En fin, le dije a Prudencio que no creía, porque era la verdad; pero como contra todo mi deseo soy fácilmente sugestionable y no puedo conservarme impasible como lo pretendo, me favoreció mucho que él, muy tranquilo, me hallara razón. Recuerdo que agregó despectivamente que "todos eran cuentos de ignorantes y tonterías"; más importancia que el ritual de la noche tenía para Prudencio una botella de ginebra casi llena con que le habían convidado. Con ánimo robusto el hombre estaba dedicado a vaciarla y a cantar coplas.
Le repetí que nos apuráramos a fin de llegar a la hora debida a lo de Marciano. Buscando otras explicaciones para mi excitación (otras, además de la oscuridad, del viento y de los batidos trapos negros que no se alejaban de mi memoria) recordé cuánto me impresionan y dominan los estados de ánimo colectivos... "Todos creen aquí, pensaba yo, y con secreta debilidad agregaba:..."pero tenemos razón nosotros, nosotros estamos en la verdad, aunque nos sintamos borrachos".

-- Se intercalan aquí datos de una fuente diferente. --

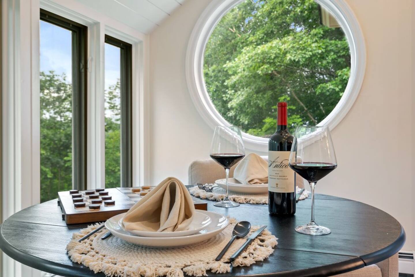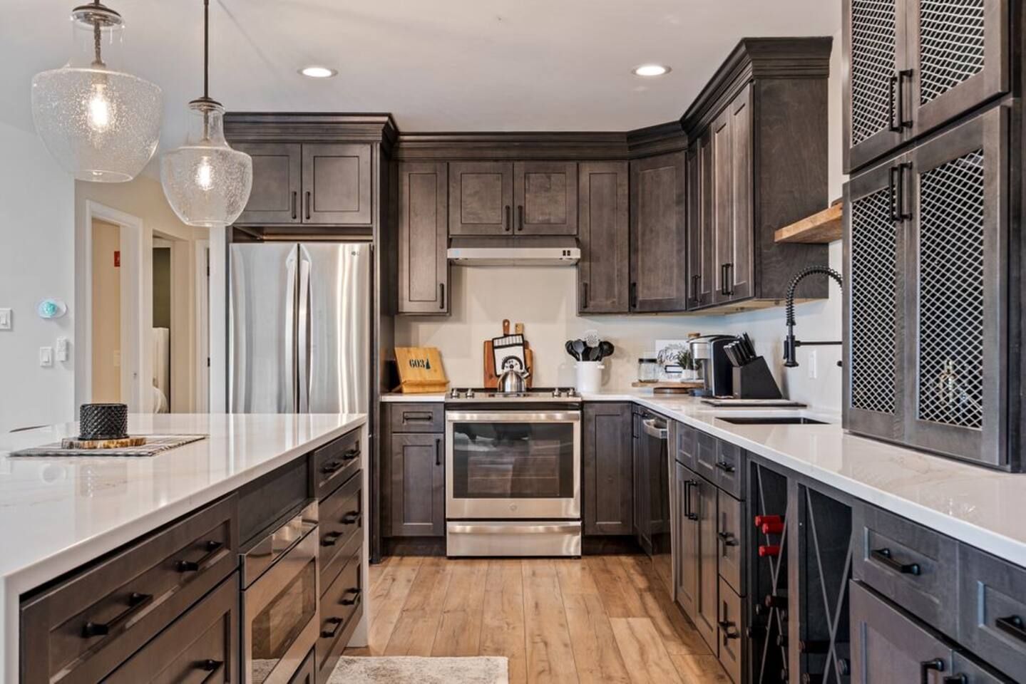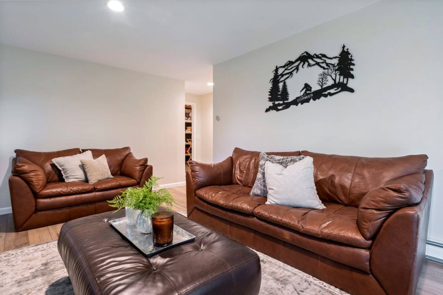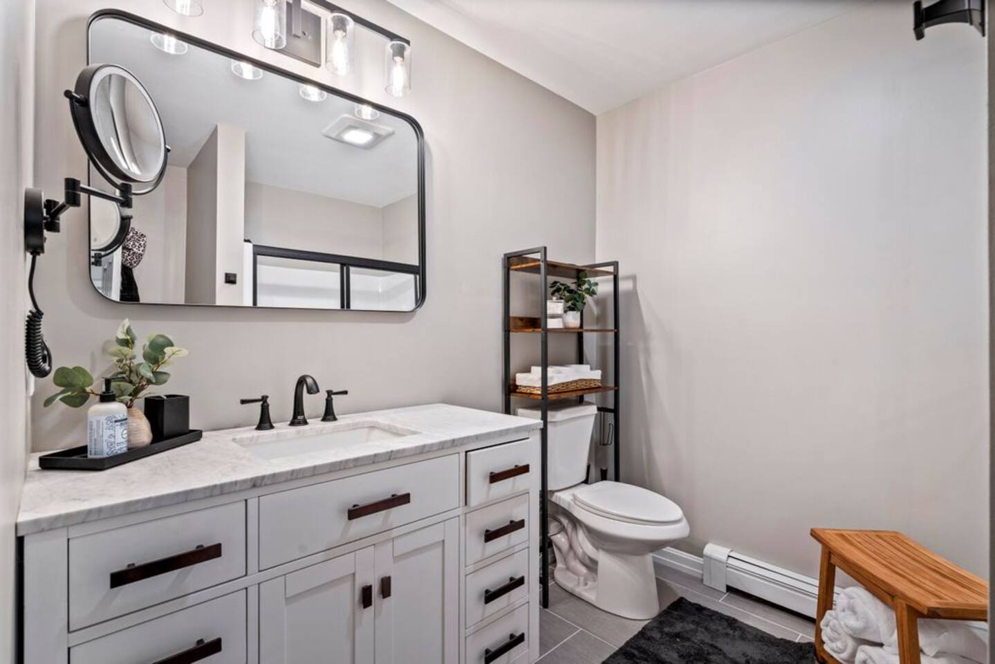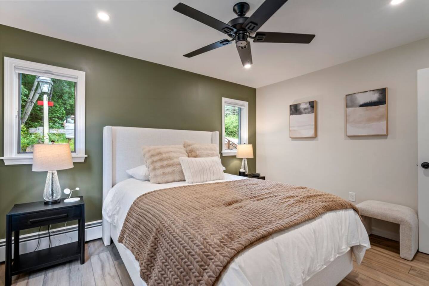 → Sleeps 8- 4 Bedrooms. 1 King, 3 Queens. Full/Full Bunk Bed. → 3 Bathrooms. Shower/tub combo on upper and lower level. → Modern and well-equipped kitchen → Wifi with 2 Smart TV’s. → Office Area → Wine Refrigerator and Coffee Station → Beautiful Views → Board Games and Books → Private viewing deck with BBQ grill → Ideal location to access many attractions ☆☆ BEDROOMS ☆☆ This gorgeous retreat accommodates 8 guests in 4 bedrooms. Experience luxury and comfort on the upper level of this beautiful home, designed with relaxation and convenience in mind. This private upstairs retreat features the primary bedroom with a luxurious king bed, en suite bathroom, spacious closet, and stunning views of Black Mountain. Whether you're traveling for work or leisure, the thoughtfully appointed work area offers a quiet space to stay productive. The cozy loft workspace features a modern desk setup with natural light streaming through a large skylight, perfect for remote work or quiet reading. The room includes a comfortable office chair, essential office supplies, and a plush bean bag chair for relaxation. Warm wood flooring and sloped ceilings add charm to this peaceful and private retreat. The 2nd bedroom, located on the main level, is conveniently located just steps from the kitchen and living area. Unwind in the stylish and serene bedroom featuring a plush queen-size bed, cozy bedding, and calming earthy tones. Large windows provide plenty of natural light and views of the surrounding trees, while modern touches like a ceiling fan, bedside lamps, and a full-length mirror add comfort and convenience. Perfect for a peaceful night’s rest after a day of exploring. The remaining two bedrooms can be found on the lower level. The first of these bedrooms is fitted with a cozy queen bed and tasteful mountain decor. The second bedroom is a charming bunk room-perfect for family and friends. This cozy and stylish bunk room is designed with fun and comfort in mind! Featuring a sturdy, stylish full over full bunk bed and luxurious queen bed. This space easily sleeps four guests — ideal for kids, cousins, or friends traveling together. ☆☆ BATHROOMS ☆☆ Black Diamond Chalet offers 3 full bathrooms, each of them stocked with all the essentials you need for the duration of your stay. The lower level hosts a full bathroom with a combination shower and tub. It is conveniently located just steps from the bunk room and is easily accessible for the guests staying on the lower level. The full bathroom, with a stand up shower, on the main level is well equipped and is conveniently located just steps from the kitchen. The 3rd full bathroom can be accessed on the upper level and is attached to the beautiful primary bedroom. Worry about nothing with these thoughtfully stocked bathrooms that provide everything you need and more. ☆☆ KITCHEN & LIVING AREA ☆☆ The bright and airy kitchen is fully equipped with all the appliances, utensils and cookware you need to feel at home. This thoughtfully-designed home provides eat-in dining for 8 guests at the island and a gorgeous wooden table. Gather in style in the beautifully designed open-concept living area, perfect for relaxing after a day of adventure. The space features soaring vaulted ceilings, mounted Smart TV, and large windows that flood the room with natural light while offering peaceful views of the surrounding Black Mountain. Two plush sofas and a cushioned armchair provide ample seating for group conversations or movie nights. The adjacent kitchen is a chef’s dream, fully equipped with stainless steel appliances, a farmhouse sink, and a spacious island with bar seating—ideal for casual breakfasts or evening cocktails. Rustic wood finishes and mountain-themed décor, including vintage skis and a detailed Black Mountain trail map, add charm and character to the space. Whether you're enjoying a home-cooked meal, playing board games, or simply unwinding with a cup of coffee, this warm and inviting living area is the heart of the home. The lower level living area boats additional living space-Perfect for Movie Nights & Family Games!Welcome to your perfect retreat for relaxation and connection. This warm and inviting living room is designed with comfort in mind—featuring rich leather sofas, a soft, oversized rug, and a charming rustic décor that brings the outdoors in. Large sliding glass doors flood the space with natural light and open to serene forest views, making it the ideal spot to enjoy your morning coffee or unwind with a glass of wine. Whether you're gathering for family movie night, playing games, or simply kicking back after a day of adventure, this cozy space will quickly feel like home. ☆☆ OUTSIDE SPACE ☆☆ The exterior area of this home offers gorgeous views and ample privacy. Off of the main level, guests will find the back deck. The deck is the perfect gathering area to relax with a drink of your choice after a day of enjoying the area. Sit back and relax while a meal is prepared on the BBQ. Step outside on the lower level and unwind beneath the charming string lights on your private covered patio—perfect for evening chats, outdoor dining, or simply soaking in the peaceful surroundings. Tucked under the deck and surrounded by lush greenery, this inviting space offers both shade and seclusion.This cozy nook brings nature and comfort together beautifully.The choice is yours and either option is the perfect spot to make memories that will last forever. ★☆ Book Today & Let Us Take Care Of You in Jackson☆★

A pesar de que las linternas también me impresionan, por nada del mundo hubiera apagado la mía. De rato en rato iluminaba a Prudencio, y él, siempre sonriente, aprovechaba para ver cuánto quedaba de ginebra en su botella. Estábamos llegando a Pueblo Nuevo, cuando se detuvo para hacer aguas (orinar). Al reanudar la marcha comenzó a cantar con aire de baguala: "Si solterito me viera / no me volviera a casar / por lástima de mis ojos / no los hiciera llorar..." Podía haber alguna intención en sus versos - yo acababa de separarme de mi mujer - y lo hice callar. "En noche como ésta no me gustan coplas, ni cantos", le dije, "quiero cumplir y nada más. Vamos, ligero"
Es extraordinario. Ahora pienso que con mis urgencias sólo conseguía hacerlo sonreír.
Cuando nos alcanzó la luna me alegré mucho. En la Quebrada ella es la gran riqueza del cielo y de la tierra, y su presencia me tranquilizó. Casi con alegría, tomé la huella del camino, seguido por Prudencio y su botella.
Fue cerca de la curva de Don Cosme Cruz, donde sentimos un galope. Ibamos caminando - y a la vez - escuchando con atención. "Vienen de arriba", dijo Prudencio. "Si", le contesté: "deben de estar más allá de la casa de Guillo Padilla" (aclaro que aquí, "arriba" es el norte y "abajo" es el sur; pura verdad topográfica, nada más). "Son muchos", agregué, "más de veinte...¿no?" Mi compañero se detuvo para escuchar mejor y responder a mi pregunta. "Vienen del lado del cementerio", afirmó, "pero más parece una tropilla que se hubiera asustado...porque es un galope 'amontonado' y loco".
No pude menos que admirarlo, era una observación formidable. "Tenés razón", le repliqué, "tenés razón. Es una tropilla asustada; doblando el camino, la toparemos".
Pero al doblar hacia lo de Guillo vimos las huellas del callejón blancas y solitarias...y trepidantes. El galope se acercaba frenético y clarísimo, pavoroso.
No había calle ni senda transversal; entró a dominarme el miedo y miré a Prudencio como para que me salvara. El, a mi lado pestañeaba rápidamente, nervioso. El galope estaba muy cerca ya, y era como el de un malón. Entonces, para mí, que Prudencio se enloqueció. Arrojó la botella hacia delante, con energía espantosa, como contra alguien. "Cuidado", gritó y me dio un empujón hacia la cuneta. Yo rodé entre los yuyos mientras el galope me envolvía en ruido. No vi a nadie. No vi nada. Cuando pasó, busqué a Prudencio...lo encontré como a quince metros atrás de mí, mutilado y pisoteado, todavía caliente, húmedo, vaporoso de sangre y tierra.